Really, the only thing needing explanation here is the call to Update, which simply makes sure that any unsaved data is written out, if applicable.

Here are the getters and setters.

function TUOS_String_Table.Get_AT_File : TUOS_Native_File ;

begin
    Result := _AT_File ;
end ;


procedure TUOS_String_Table.Set_AT_File( Value : TUOS_Native_File ) ;

begin
    if( Value <> nil ) then
    begin
        Value.Attach ;
        if( Value.Get_Stream_Size( 0 ) = 0 ) then // File is empty
        begin
            Value.Write( 0, 0, _AT.Size, _AT.Get_Data^ ) ;
        end ;
    end ;
    if( _AT_File <> nil ) then
    begin
        _AT_File.Detach ;
    end ;
    _AT_File := Value ;
end ;


function TUOS_String_Table.Get_Data_File : TUOS_Native_File ;

begin
    Result := _Data_File ;
end ;


procedure TUOS_String_Table.Set_Data_File( Value : TUOS_Native_File ) ;

begin
    if( Value <> nil ) then
    begin
        Value.Attach ;
        if( Value.Get_Stream_Size( 0 ) = 0 ) then // File is empty
        begin
            Value.Write( 0, 0, _Buffer_Length, _Buffer^ ) ;
        end ;
        freemem( _Buffer ) ;
        _Buffer := nil ;
        _Dirty_Data := False ;
    end else
    begin
        _Buffer := allocmem( 64 ) ;
        _Buffer_Length := 64 ;
        _Dirty_Data := True ;
    end ;
    if( _Data_File <> nil ) then
    begin
        _Data_File.Detach ;
    end ;
    _Data_File := Value ;
end ;


function TUOS_String_Table.Get_Index_File : TUOS_Native_File ;

begin
    Result := _Index_File ;
end ;


procedure TUOS_String_Table.Set_Index_File( Value : TUOS_Native_File ) ;

begin
    if( Value <> nil ) then
    begin
        Value.Attach ;
        if( Value.Get_Stream_Size( 0 ) = 0 ) then // New file
        begin
            Value.Write( 0, 0, _Index.Count * 4, _Index.List^ ) ;
        end else
        begin
            _Index.Count := Value.Get_Stream_Size( 0 ) div 4 ;
            Value.Read( 0, 0, _Index.Count * 4, _Index.List^ ) ;
        end ;
        _Dirty_Index := False ;
    end ;
    if( _Index_File <> nil ) then
    begin
        _Index_File.Detach ;
    end ;
    _Index_File := Value ;
end ;

The getters are simple enough. The setters are typical of the setters we've used in previous classes. However, one addition here is that when a file is assigned, we need to either save our current data to them (if they are empty files) or load internal data from the file (if the file is not empty). We only load data from the index and allocation table files, because if a file is assigned, it means we are not using the memory buffer for the string data - so we never load from the data file. And we release the buffer space if a data file is assigned.
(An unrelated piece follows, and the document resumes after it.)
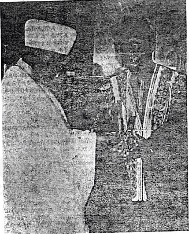
ዘውድ ጠቅላይ ሕዝብ ዳውሎስ ምክርቤት ኮሚሽን ሠራተኛ ሰዎች የስደተኞች ኮሚሽን ሠራተኛዎች (UNHCR) ለግዕዝ ጻፈው ሰዎች ስደተኞችን በመርዳት በሚገባ እንደ ላመሰግን እወዳለሁ። በዚህ ሂደት ብዙዎቹ የሌሎችን ሕይወት ለመቃደግ ሰላም ውድ ሕይወታቸውን አላልፈው መስጠታቸው ሊታወስ ይገባል።

በዚህ አጋጣሚ የተባበሩት መንግሥታት የስደተኞች ኮሚሽን መሪዎች ሠራተኞች ለምሳ ዓመት

Our internal methods are basically file I/O operation wrappers that direct the request either to the file or to memory buffer, as appropriate.

procedure TUOS_String_Table.Read( var Data ; Size : longint ) ;

begin
    if( Data_File = nil ) then
    begin
        move( _Buffer[ _Position ], Data, Size ) ;
    end else
    begin
        Data_File.Read( 0, _Position, Size, Data ) ;
    end ;
    _Position := _Position + Size ;
end ;


function TUOS_String_Table.Read_Longint : longint ;

begin
    Read( Result, sizeof( Result ) ) ;
end ;


procedure TUOS_String_Table.Seek( Value : longint ) ;

var P : cardinal ;

begin
    _Position := Value ;
    if( Data_File = nil ) then
    begin
        if( _Position > _Buffer_Length ) then
        begin
            _Position := _Buffer_Length ;
        end ;
    end else
    begin
        P := Data_File.Get_Stream_Size( 0 ) ;
        if( _Position > P ) then
        begin
            _Position := P ;
        end ;
    end ;
end ;


procedure TUOS_String_Table.Write( const Value : string ) ;

var L : cardinal ;

begin
    if( Data_File = nil ) then
    begin
        if( _Position + length( Value ) > _Buffer_Length ) then
        begin
            L := ( _Buffer_Length + length( Value ) + 5 + 63 ) div 64 ;
            _AT.Size := L ;
            _Buffer_Length := L * 64 ;
            reallocmem( _Buffer, _Buffer_Length ) ;
        end ;
        move( PChar( Value )[ 0 ], _Buffer[ _Position ], length( Value ) ) ;
    end else
    begin
        Data_File.Write( 0, _Position, length( Value ), PChar( Value )[ 0 ] ) ;
    end ;
    _Position := _Position + length( Value ) ;
    _Dirty_Data := True ;
end ;


procedure TUOS_String_Table.Write_Longint( Value : longint ) ;

var S : string ;

begin
    setlength( S, 4 ) ;
    move( Value, PChar( S )[ 0 ], 4 ) ;
    Write( S ) ;
end ;

The code is fairly self-explanatory. One additional feature is the addition of a pointer into the data. This is set with Seek and updated with Reads and Writes. The idea is to allow data to be written a piece at a time without having to build a buffer and write once, and to make the code cleaner elsewhere because it doesn't have to do as much with the buffer offset as it would otherwise. We also set the "Dirty" flags to indicate that the data has been updated in-memory, but not written to the file.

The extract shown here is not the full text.